- **DATA EXTRACTS**
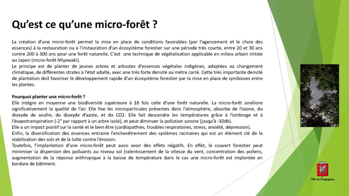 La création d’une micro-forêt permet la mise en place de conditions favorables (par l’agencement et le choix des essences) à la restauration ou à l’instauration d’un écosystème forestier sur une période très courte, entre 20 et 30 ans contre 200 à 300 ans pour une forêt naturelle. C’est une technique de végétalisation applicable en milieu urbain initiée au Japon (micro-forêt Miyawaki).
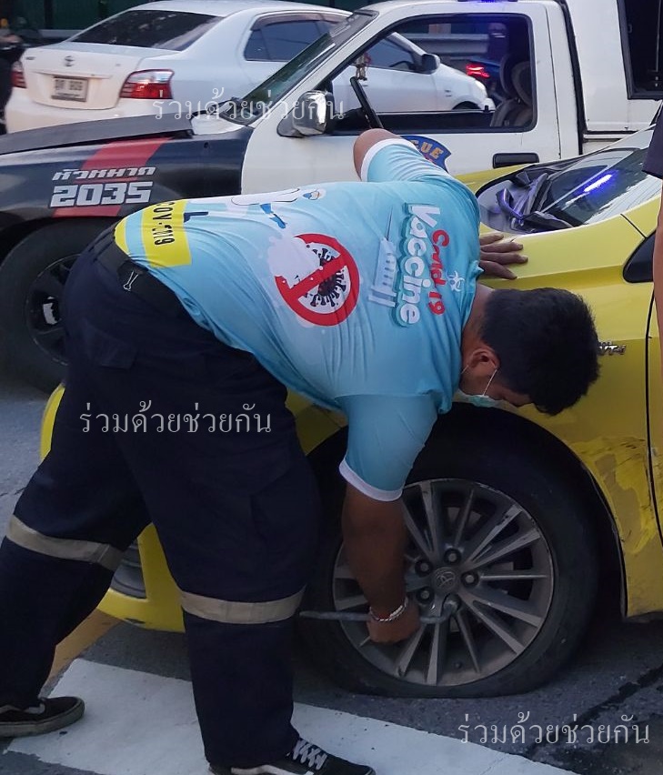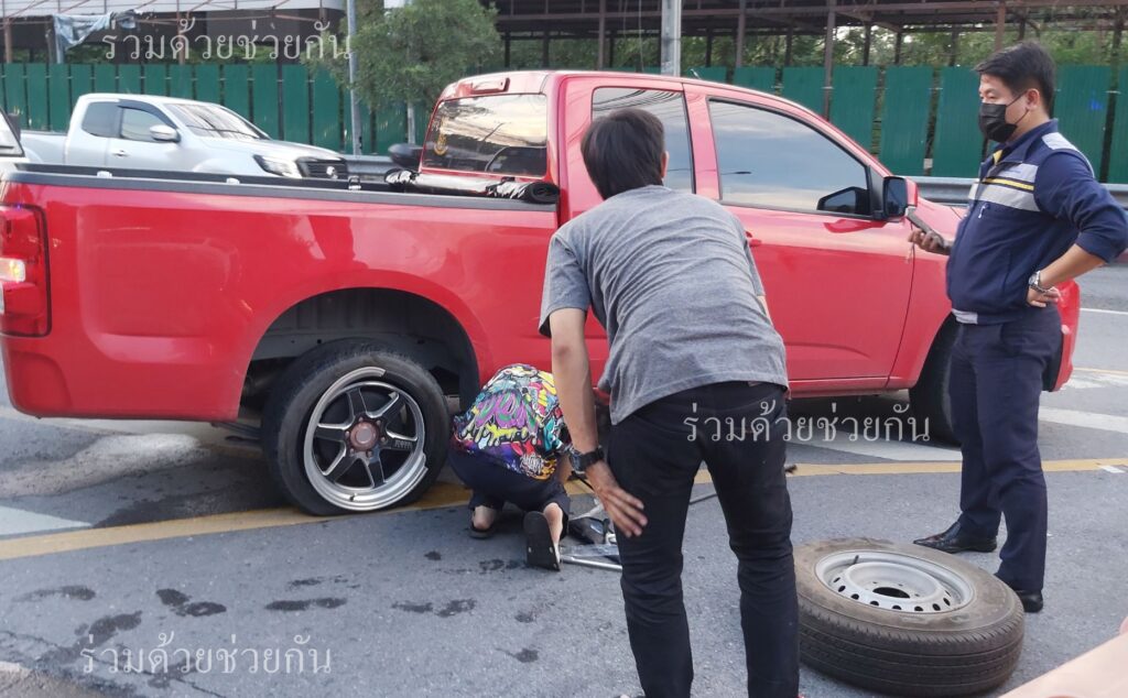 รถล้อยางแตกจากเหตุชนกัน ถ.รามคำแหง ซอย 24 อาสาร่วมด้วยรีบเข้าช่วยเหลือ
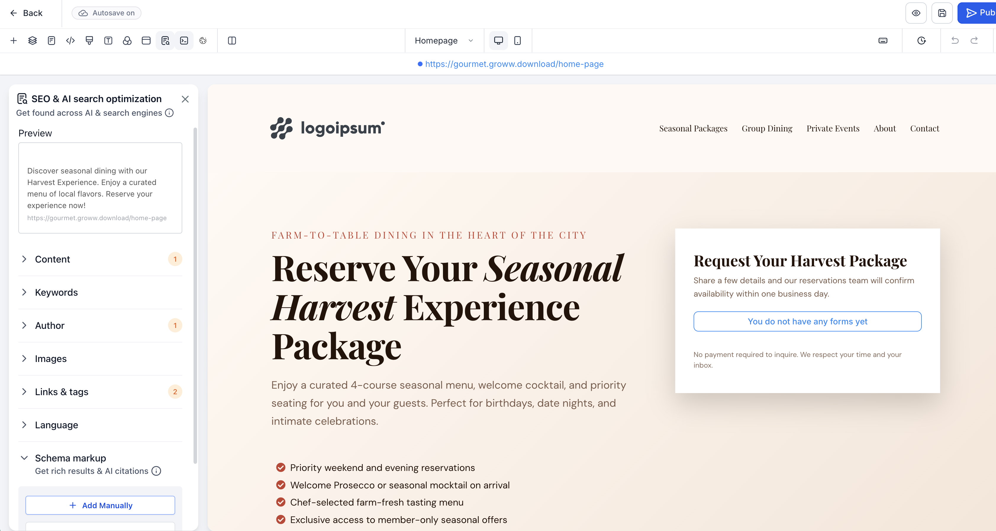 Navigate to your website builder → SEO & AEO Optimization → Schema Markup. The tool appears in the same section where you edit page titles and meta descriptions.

---

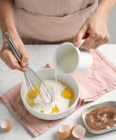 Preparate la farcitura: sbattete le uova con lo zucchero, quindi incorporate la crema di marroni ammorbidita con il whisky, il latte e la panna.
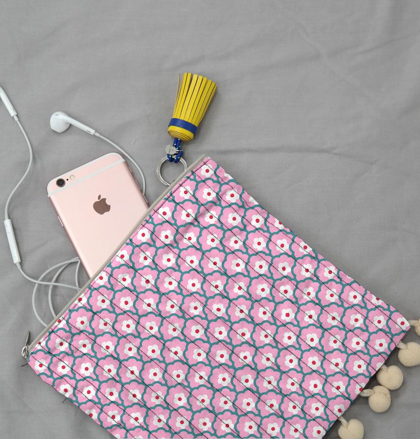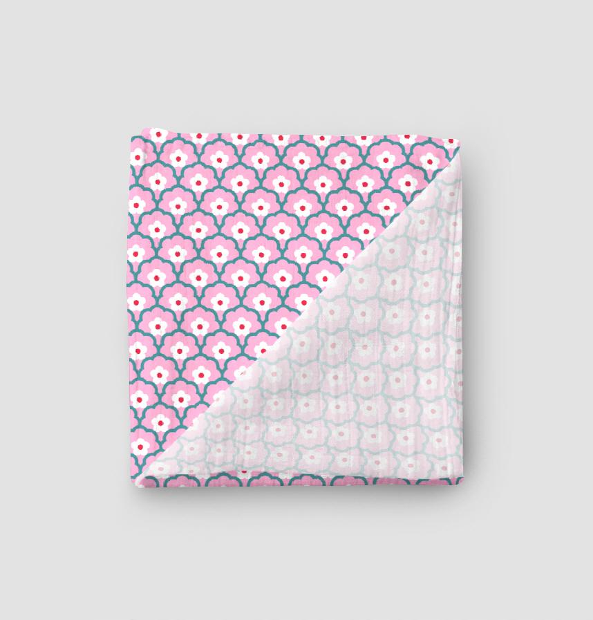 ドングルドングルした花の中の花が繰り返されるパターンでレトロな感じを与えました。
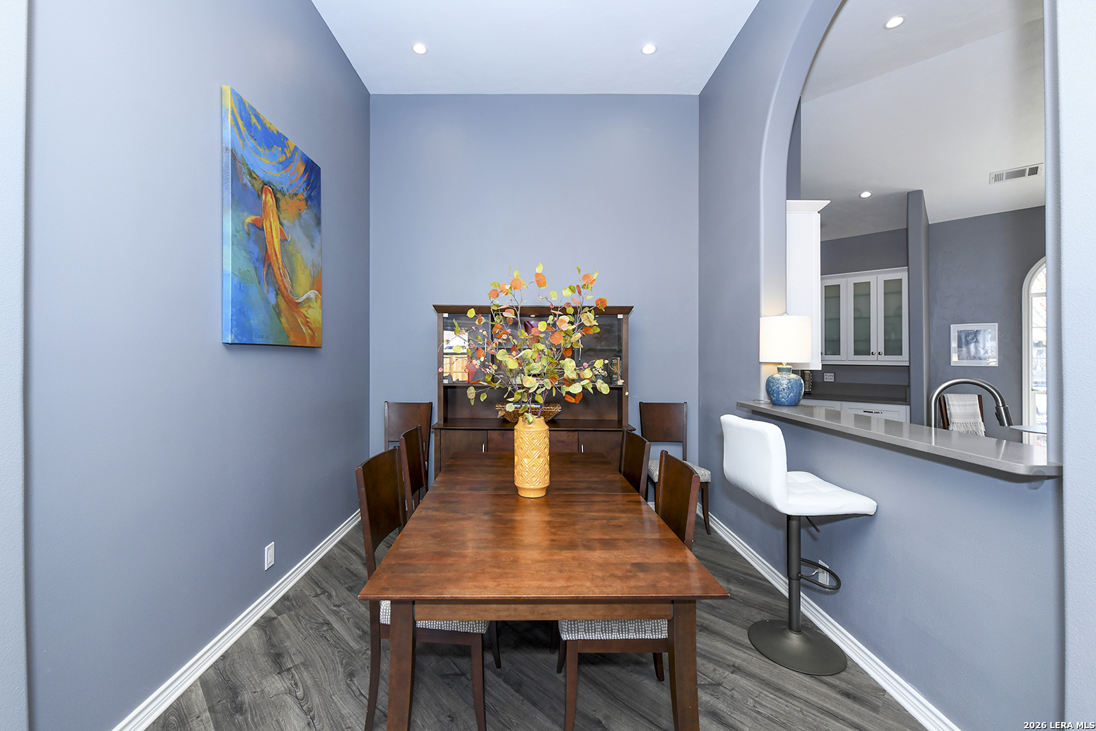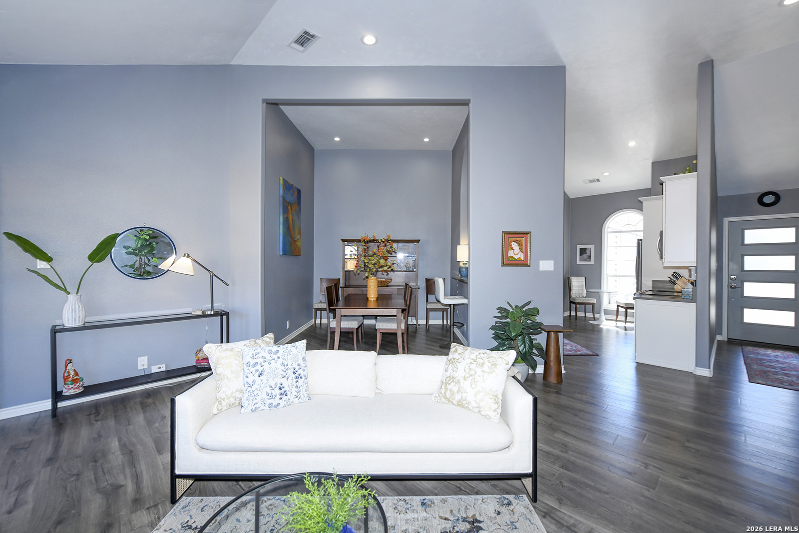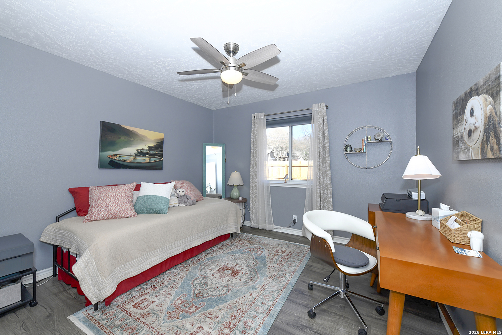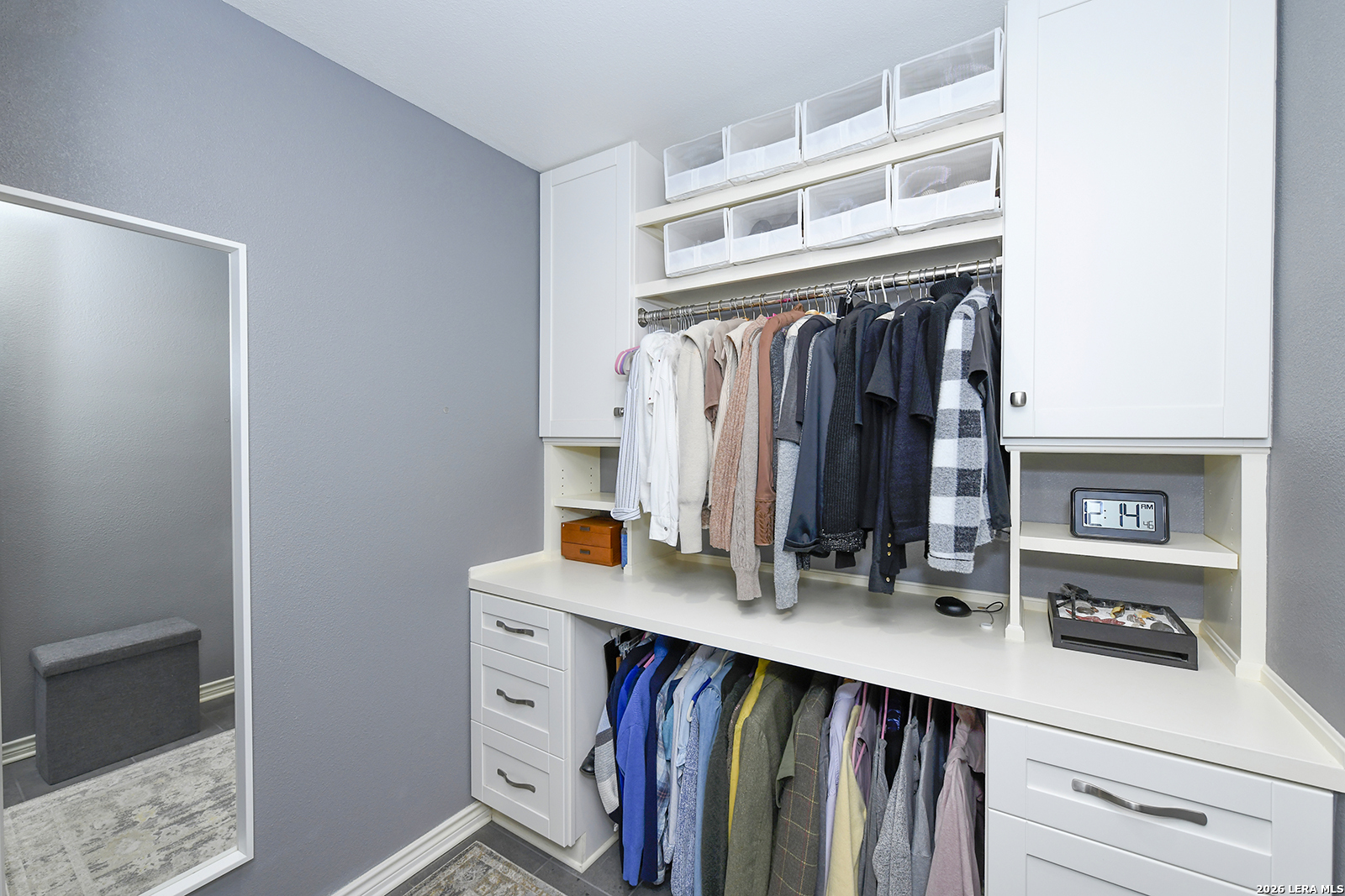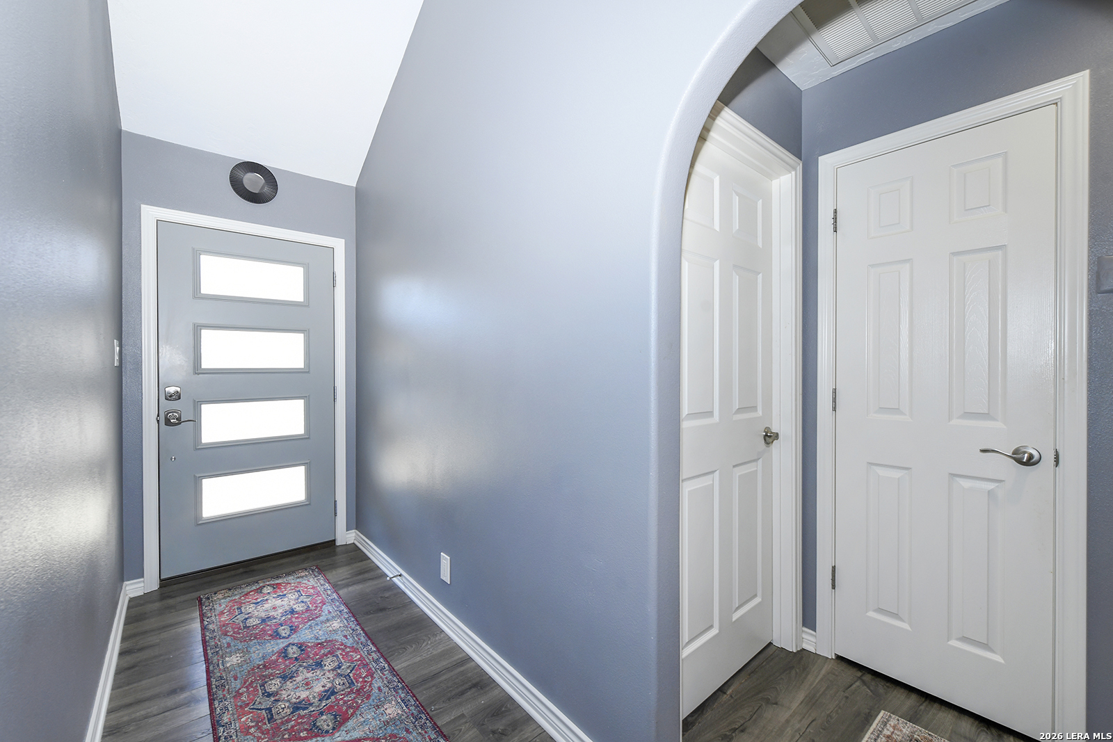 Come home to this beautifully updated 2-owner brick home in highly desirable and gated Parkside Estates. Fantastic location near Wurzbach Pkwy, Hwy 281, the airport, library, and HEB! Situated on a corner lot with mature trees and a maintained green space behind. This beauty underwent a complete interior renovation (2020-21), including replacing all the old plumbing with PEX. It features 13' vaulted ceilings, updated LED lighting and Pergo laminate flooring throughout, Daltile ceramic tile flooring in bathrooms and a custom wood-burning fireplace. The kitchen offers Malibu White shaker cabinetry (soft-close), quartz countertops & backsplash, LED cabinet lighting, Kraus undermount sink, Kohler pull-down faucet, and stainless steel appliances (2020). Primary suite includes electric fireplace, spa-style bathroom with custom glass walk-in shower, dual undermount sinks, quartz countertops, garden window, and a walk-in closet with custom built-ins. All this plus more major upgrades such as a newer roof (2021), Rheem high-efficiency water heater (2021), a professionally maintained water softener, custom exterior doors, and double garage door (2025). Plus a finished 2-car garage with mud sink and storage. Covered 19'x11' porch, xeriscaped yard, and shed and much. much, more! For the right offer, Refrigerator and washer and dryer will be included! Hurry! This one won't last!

* * *

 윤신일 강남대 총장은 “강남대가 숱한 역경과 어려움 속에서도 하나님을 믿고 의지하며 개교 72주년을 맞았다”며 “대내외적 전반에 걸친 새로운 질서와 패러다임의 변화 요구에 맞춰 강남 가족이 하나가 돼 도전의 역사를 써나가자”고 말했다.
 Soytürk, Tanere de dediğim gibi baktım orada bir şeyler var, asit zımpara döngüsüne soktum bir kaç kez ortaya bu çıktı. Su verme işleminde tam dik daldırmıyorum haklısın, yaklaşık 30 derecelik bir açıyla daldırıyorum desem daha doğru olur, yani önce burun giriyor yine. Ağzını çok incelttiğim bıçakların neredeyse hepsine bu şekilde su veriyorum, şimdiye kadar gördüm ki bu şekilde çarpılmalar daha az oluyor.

- **TASK INSTRUCTIONS**
Every line above from the one with "La création d’une" down to the one with "Navigate to your" must be written out exactly, and no picture may appear.

- **RESPONSE FOR THIS EXERCISE**
 La création d’une micro-forêt permet la mise en place de conditions favorables (par l’agencement et le choix des essences) à la restauration ou à l’instauration d’un écosystème forestier sur une période très courte, entre 20 et 30 ans contre 200 à 300 ans pour une forêt naturelle. C’est une technique de végétalisation applicable en milieu urbain initiée au Japon (micro-forêt Miyawaki).
 รถล้อยางแตกจากเหตุชนกัน ถ.รามคำแหง ซอย 24 อาสาร่วมด้วยรีบเข้าช่วยเหลือ
 Navigate to your website builder → SEO & AEO Optimization → Schema Markup. The tool appears in the same section where you edit page titles and meta descriptions.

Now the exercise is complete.